Virtual Service and mutual tls

Hi, I’ve tried the helloworld task from the istio examples and all is working fine.
Now I’ve tried with a nginx deployment and then expose the service with gateway e vs like before.

But, until I apply a destinationrule that disable the tls mode I cant’t reach the service.
Why have I this behavior?
With the helloworld example I don’t need a destinationrule to reach the vs.
What I’m missing?

Hi @mcastro,

I can’t say what’s going wrong from your description, but can you add the yaml so I can take a look at it, or point me to a repo where I can see it?

Hi @rob,
thanks for repling.
The “helloworld” example that is working is this
Then I’ve tried a similar configuration doing this (in an istio injection enabled namespace):
kubectl create deploy --image=nginx nginx
kubectl expose deploy nginx --port=80 --type=NodePort

and then I’ve applied this virtual service on the same gateway.
Now the only way I’m able to reach nginx with vs is by disabling the tls with a destinationrule.

I send you an update @rob, I tried the same nginx configuration on gke and it works fine.
It could be possible it is related to che cluster conf (the first environment is a multi-cluster installation with Shared control plane (multi-network).

Hey, sorry for the delay @mcastro, I tried this as well on minikube too and it worked. I’ve never tried a multi cluster scenario. It might help to look at the envoy proxy logs for the ingress gateway and nginx to see if there is a clue in there as to why it’s not working without disabling mtls. If you’d like to get some of the logs I can take a look since I can’t reproduce your cluster setup.

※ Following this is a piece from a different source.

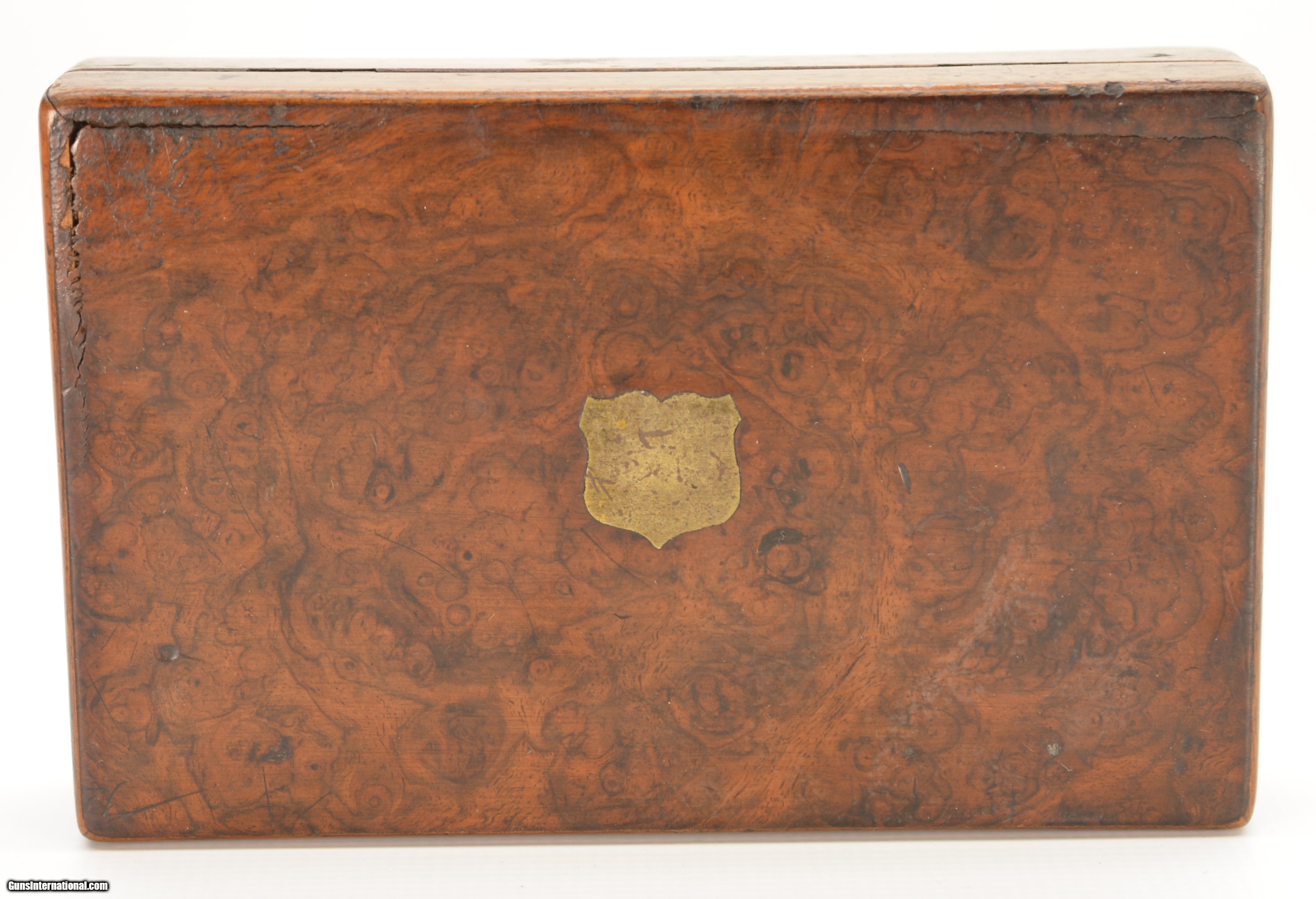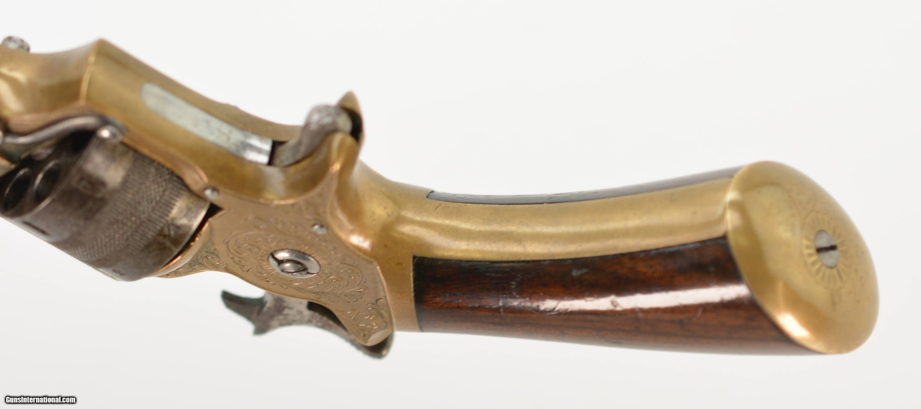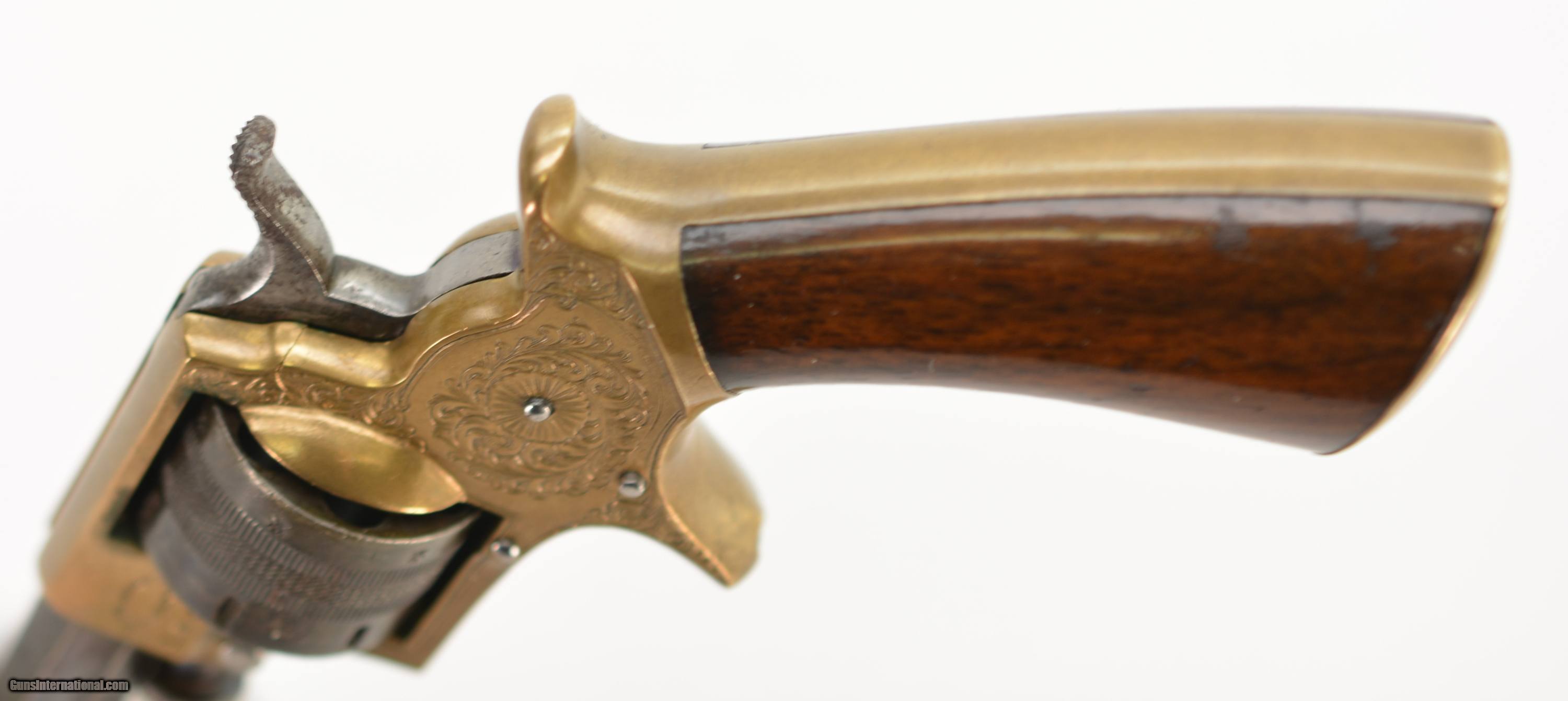 Description: Serial #1457, .230 RF, 2 1/2" octagon barrel with a very good, lightly freckled bore. This is a very nice, seven-shot revolver with all-matching assembly numbers (“74"). The revolver is not retailer marked, but does have the Tranter “football" marking on the left side at the breech. The barrel has about 70-75% of the original blue remaining with gray fading on the balance, and some minor impact marks as well. The cylinder retains traces of the original blue finish on protected areas, but otherwise has an overall smooth, plum-brown patina with silvering along the high edges, and the engraved brass frame has a fairly bright, yellow-ochre patina. The smooth walnut grips are in very good-fine shape with scattered small handling marks and some mild flattening of the points. The lock-up is tight, and the action is fully functional. The revolver is housed in a period, burled walnut English case with dark blue baize lining, original key and turn-screw, and an unmarked, shield-shaped brass escutcheon on the lid. The lid has some damage at the hinge-side corners. This very revolver and case are described and illustrated on pgs. 18 and 19 of “Tranter Cartridge Firearms" by Black, Guerin & Michaud; 2007. This is a handsome, cased, smallbore Tranter that would make a fabulous addition to any collection of Tranter handguns. Antique SOLD Antique: Yes Manufacturer: Tranter Model: No. 1 Serial Number: 1457 Caliber Info: .230 Gauge Info: .230 |

One question here that might be relevant is the placement of the pods. In your initial scenario are the gateway and nginx pods in different clusters?

Hi @rob,
all the gw, virtual service and pods are on the main cluster.
On the ingress-geteway logs I’ve got this:
[2019-10-09T07:30:07.564Z] "GET /nginx/ HTTP/1.1" 503 UF,URX "-" "TLS error: 268435703:SSL routines:OPENSSL_internal:WRONG_VERSION_NUMBER" 0 91 71 - "" "Mozilla/5.0 (Windows NT 10.0; Win64; x64) AppleWebKit/537.36 (KHTML, like Gecko) Chrome/77.0.3865.90 Safari/537.36" "c8b0410c-a5e6-46ae-a5c0-0d596ec36394" "X.X.X.X" "X.X.X.X80" outbound|80||nginx.demo.svc.cluster.local - X.X.X.X:80 X.X.X.X:55512 -

I also have this output for tls-check:
nginx.demo.svc.cluster.local:80 OK mTLS mTLS default/demo disable-mtls/demo

Hi @rob,
I did the same test on GKE with istio “strict” and on minikube.
On minikube it works, on gke it does not.

I find out it was a problem with the istio version. Version 1.2.5 has some kind of issue with exposing vs and mTLS.

Sorry @mcastro, I had access to a GKE cluster, but I no longer do. That’s interesting though. When I had been using 1.2.5 on my prior GKE cluster (i installed it manually, not using the version that GKE can install), I had mTLS enabled everywhere, except on a database due to other constraints. Is there an Istio bug with this issue described in it that you know of?

I did not find anything about it, but once I updated to version 1.3.3 the issue was gone.